**What the task requires:**
Only the lines from the beginning of the listing below through the line with "看似平凡的炒蛋卻一點也不簡單" belong in the answer; please print them exactly and drop the pictures.

**Exercise data:**
BEGIN
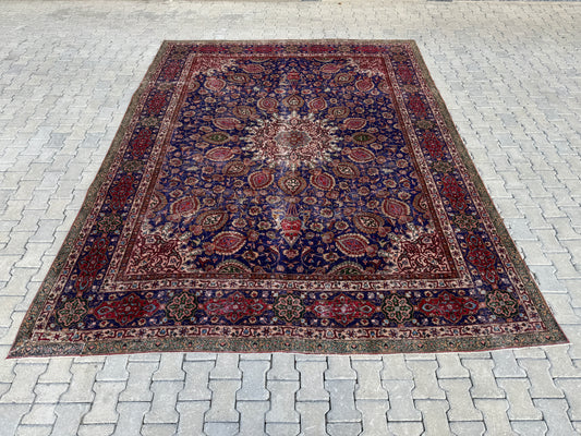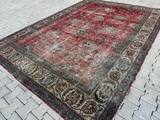 Persian Tabriz Rug 8x12 - Hand-Knotted Floral Design, Vintage Red Carpet | sku1205
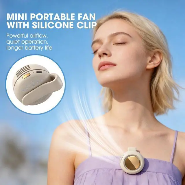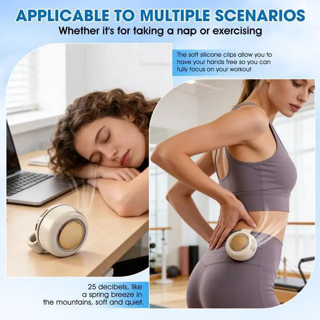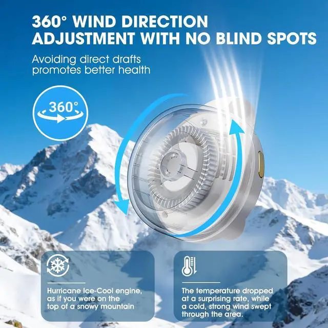 POWERFUL AND QUIET COOLING PERFORMANCE: Our upgraded small cyclone clip fan can provide 5100RPM airflow while maintaining silent operation (<25dB). You don't need to worry about being disturbed when using the Hands-Free Wearable Neck Fan
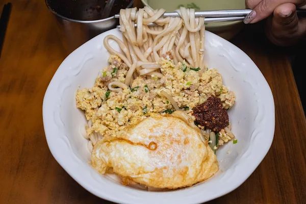 看似平凡的炒蛋卻一點也不簡單,整鍋雞蛋下鍋,加近海量肉末、蔥花、韭菜粒大火爆炒,家常的好味道挺涮嘴。不僅有冒油泡的蛋香,還有辛香與醬感畫龍點睛。再搭配上粗麵條更是一絕,特別的是不是普通的陽春麵,而是與汕頭意麵一樣有搭配上豬油。
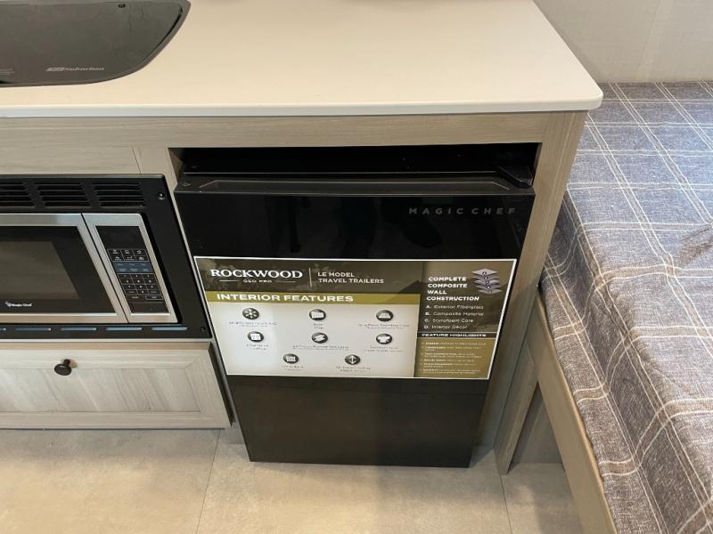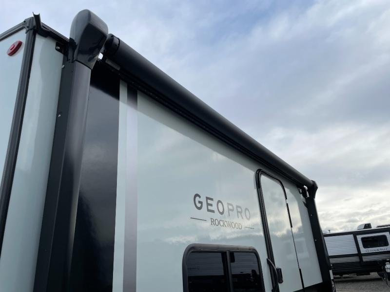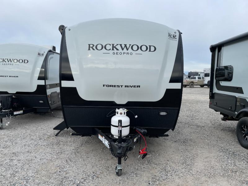 With any Rockwood GEO Pro travel trailer by Forest River you will enjoy easy towing, durable construction, and off-road capabilities with larger laminated roof! Each model is constructed with complete composite wall construction for added strength and durability, and Dexter® axles that will make towing easier than ever. Inside, you'll find sleek back up camera prep for added security, a refrigerator and a microwave, plus many other interior amenities that will make you feel at home on the road.
END
**Exercise response:**
 Persian Tabriz Rug 8x12 - Hand-Knotted Floral Design, Vintage Red Carpet | sku1205
 POWERFUL AND QUIET COOLING PERFORMANCE: Our upgraded small cyclone clip fan can provide 5100RPM airflow while maintaining silent operation (<25dB). You don't need to worry about being disturbed when using the Hands-Free Wearable Neck Fan
 看似平凡的炒蛋卻一點也不簡單,整鍋雞蛋下鍋,加近海量肉末、蔥花、韭菜粒大火爆炒,家常的好味道挺涮嘴。不僅有冒油泡的蛋香,還有辛香與醬感畫龍點睛。再搭配上粗麵條更是一絕,特別的是不是普通的陽春麵,而是與汕頭意麵一樣有搭配上豬油。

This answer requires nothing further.